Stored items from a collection
=-=-=-=-=

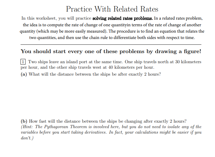 Calculus related rates worksheet. Printable Math Worksheets for Practice - PDF Format. Thank you for viewing Calculus Related Rates Worksheet. If you find any copyright protected images of yours, please contact us and we will remove it. We don't intend to display any copyright protected images. We hope that you are able to find the math facts and worksheets that you are looking ... Section 3-11 : Related Rates. In the following assume that x x and y y are both functions of t t. Given x = −2 x = − 2, y =1 y = 1 and x′ =−4 x ′ = − 4 determine y′ y ′ for the following equation. 6y2 +x2 = 2 −x3e4−4y 6 y 2 + x 2 = 2 − x 3 e 4 − 4 y Solution. In the following assume that x x, y y and z z are all ... AP Calculus: Related Rate Worksheet Calculator permitted. For each of the answers, Draw and label a diagram, label all quantities, find the numeric answer, using appropriate units, then give a ‘real-world’ explanation of the answer. Show all “position” and “rate” equations. 1. (02 AB) A container has the shape of an open right ... AP Calculus AB Worksheet Related Rates If several variables that are functions of time t are related by an equation, we can obtain a relation involving their rates of change by differentiating with respect to t. The key to solving related rate problems is finding the equation that relates the varaibles. If
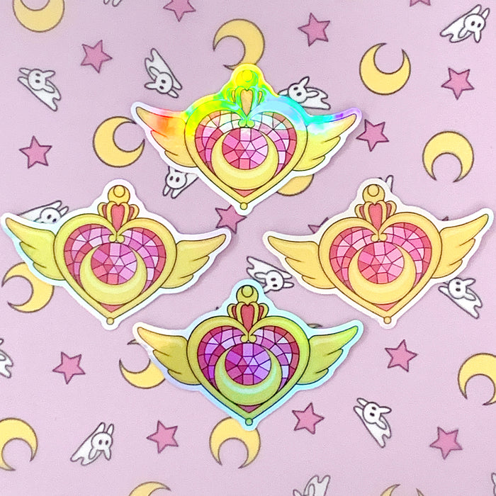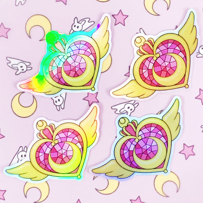 These sailor moon decals have a holographic glossy finish with an iridescence shine. They're perfect for indoor or outdoor use and have a protective laminate and are durable, waterproof, and resistant to sunlight. Size: 3" x 2"
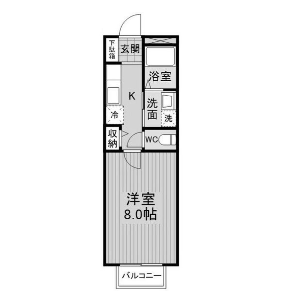 | 間取り詳細 | K 畳 、 洋室 8畳 |
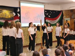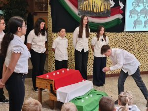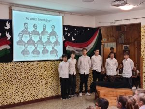 Október 6-án iskolánk hetedik évfolyamosai méltón emlékeztek meg az Aradi vértanukról, akiket Takácsné Medveczki Zsuzsanna és Sinkó Andrea tanárnő készített fel. Ez a nap nemzeti gyásznap is, az 1849-es szabadságharc leverését követő megtorlás csúcspontjára emlékezve, amikor Aradon kivégezték a 13 honvédtábornokot, Pesten pedig gróf Batthyány Lajos miniszterelnököt. Ezen a napon nemzeti gyászlobogókat tűznek ki, és az egész országban megemlékeznek a hősökről, gyertyát gyújtanak és koszorúznak.
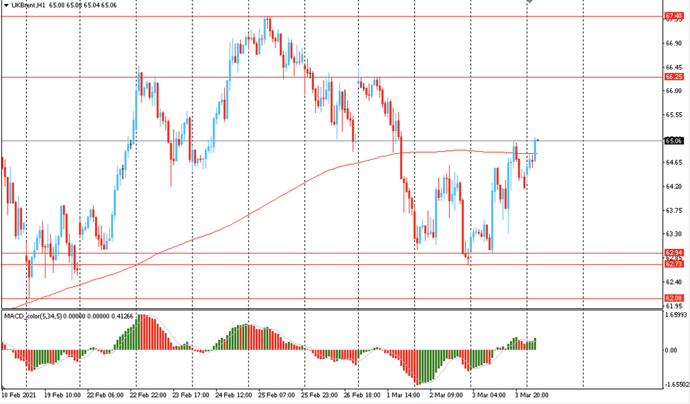 Основной сценарий продвижения пары — последующий рост к $66.25 (максимум 1 марта). Альтернативный сценарий предполагает окончательное закрепление ниже MA 200 H1 с последующим снижением к $62.10 (минимум 19 февраля).

=-=-=-=-=

## [What the exercise asks]
Please, leaving out all pictures, transcribe exactly the lines above from the one containing "畳 、 洋室 8畳 |" through the final line, both included.

## [Result for this exercise]
 | 間取り詳細 | K 畳 、 洋室 8畳 |
 Október 6-án iskolánk hetedik évfolyamosai méltón emlékeztek meg az Aradi vértanukról, akiket Takácsné Medveczki Zsuzsanna és Sinkó Andrea tanárnő készített fel. Ez a nap nemzeti gyásznap is, az 1849-es szabadságharc leverését követő megtorlás csúcspontjára emlékezve, amikor Aradon kivégezték a 13 honvédtábornokot, Pesten pedig gróf Batthyány Lajos miniszterelnököt. Ezen a napon nemzeti gyászlobogókat tűznek ki, és az egész országban megemlékeznek a hősökről, gyertyát gyújtanak és koszorúznak.
 Основной сценарий продвижения пары — последующий рост к $66.25 (максимум 1 марта). Альтернативный сценарий предполагает окончательное закрепление ниже MA 200 H1 с последующим снижением к $62.10 (минимум 19 февраля).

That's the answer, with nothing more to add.